It is easy to be in a gloomy mood about the economy. After a weak and lopsided recovery heavily favoring the capitalist class, the economy looks to be on the cusp of a new downturn. The much talked about double dip is knocking on the door.
The signs are everywhere.
The housing market is in the throes of another slide downward. Both housing prices and startups are down while foreclosures are up.
Consumer spending limps along too, as working people postpone purchases and pay down their debt.
Economic growth rates are paltry, failing to meet earlier very modest projections.
Credit remains tight as banks are reluctant to lend.
Investment lags as businesses, awash in trillions of dollars in investible funds and underutilized production capacity, are reluctant to sink money in new plant and equipment as long as demand for goods and services falters.
Export markets remain weak as well, despite the fall in the dollar’s value on international currency markets.

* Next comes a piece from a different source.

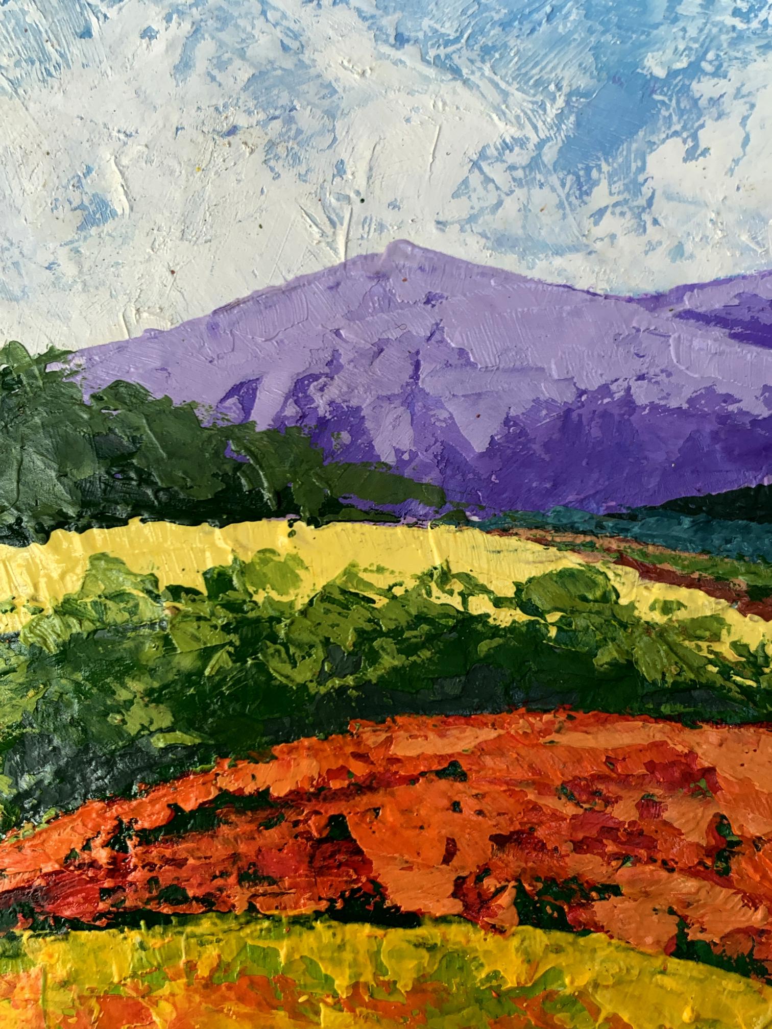 The painting "Far Away in the Mountains", created with oil on cardboard, portrays a vibrant and serene landscape that invites the viewer on a journey through nature's beauty. The composition is a harmonious interplay of colors, textures, and forms, reflecting the essence of a picturesque countryside nestled near majestic mountains.The foreground bursts with warmth and energy, dominated by bold shades of orange, yellow, and green. The artist uses textured brushstrokes to depict a lush field, creating a tactile sensation that draws the viewer into the scene. This vibrant palette evokes feelings of vitality and abundance, symbolizing the richness of the land.The middle ground transitions into rolling hills, painted in deeper greens and framed by a path that winds gently toward the horizon. This pathway acts as a visual guide, leading the eye naturally to the backdrop of majestic mountains. The mountains are rendered in soft purple tones, creating a calming contrast against the vivid foreground. Their presence conveys a sense of tranquility and timelessness, embodying the quiet strength of nature.On the right side of the composition, a cluster of trees stands tall, their rich green hues complementing the natural palette of the landscape. These trees add depth and balance to the painting, anchoring the scene and symbolizing resilience and life amidst the vast expanse.Above, the sky is a delicate mix of soft blues and whites, with hints of light clouds scattered across the canvas. The artist’s choice of a bright, clear sky enhances the overall sense of openness and freedom, emphasizing the grandeur of the mountains and the land that stretches toward them.Through "Far Away in the Mountains", the artist seeks to capture the serene beauty of nature and its power to inspire a sense of wonder and peace. The painting encourages the viewer to pause and appreciate the intricate details of the world around them, reminding us of the profound connection between humanity and the natural world. It is a celebration of distance, both literal and metaphorical, inviting us to dream of the untouched beauty that lies far beyond the immediate horizon.
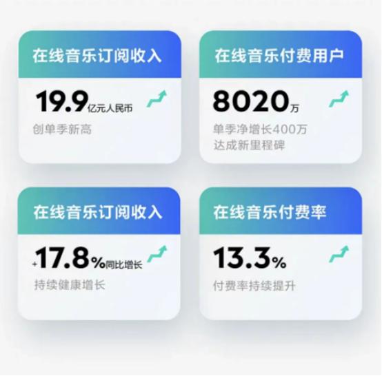 当音乐独家版权的优势不再,TME是否还能续写稳稳的幸福,是财报最大的看点。根据财报数据,TME 2022年第一季总营收为66.4亿元,净利润6.49亿元,保持住了持续盈利的势头,另外,在用户增长不容乐观的当下,TME稳步渗透应约付费用户,付费人数突破 8000 万,付费率创新高。

And there is little hope that this will improve as much of the world – and Europe in particular – is in a similar economic predicament.
Real wages also are flat, continuing a nearly 40-year trend and aggravating the insufficiency of consumer demand.
Worst of all, the jobless rate is 9.1 percent officially. And unofficially, unemployment is roughly 15 percent. All together 25 million are either unemployed or underemployed and people of color, women and young workers experience the highest rates.
If the prognosis for the short run is bad for everybody but U.S. transnational corporations and banks, whose profits are up, the outlook is no better for the longer run.
Many economists see no easy solution to the financial crisis and the Great Recession. In a recent column, the former top economic advisor for the Obama administration, Lawrence Summers, writes that we run the danger of a lost decade much like Japan, if we don’t stimulate the demand side of the economic equation – in other words, boost consumers’ pocketbooks through jobs and steady incomes.
In these circumstances, the overarching question is: Where will the stimulus come from? What is required to throw the economy and job growth on an upward trajectory?
There is only one answer to this question at this moment: the federal government.
But the problem is that much of the nation’s political and economic elite have no stomach for an expansion of public spending, such as a massive jobs and infrastructure bill.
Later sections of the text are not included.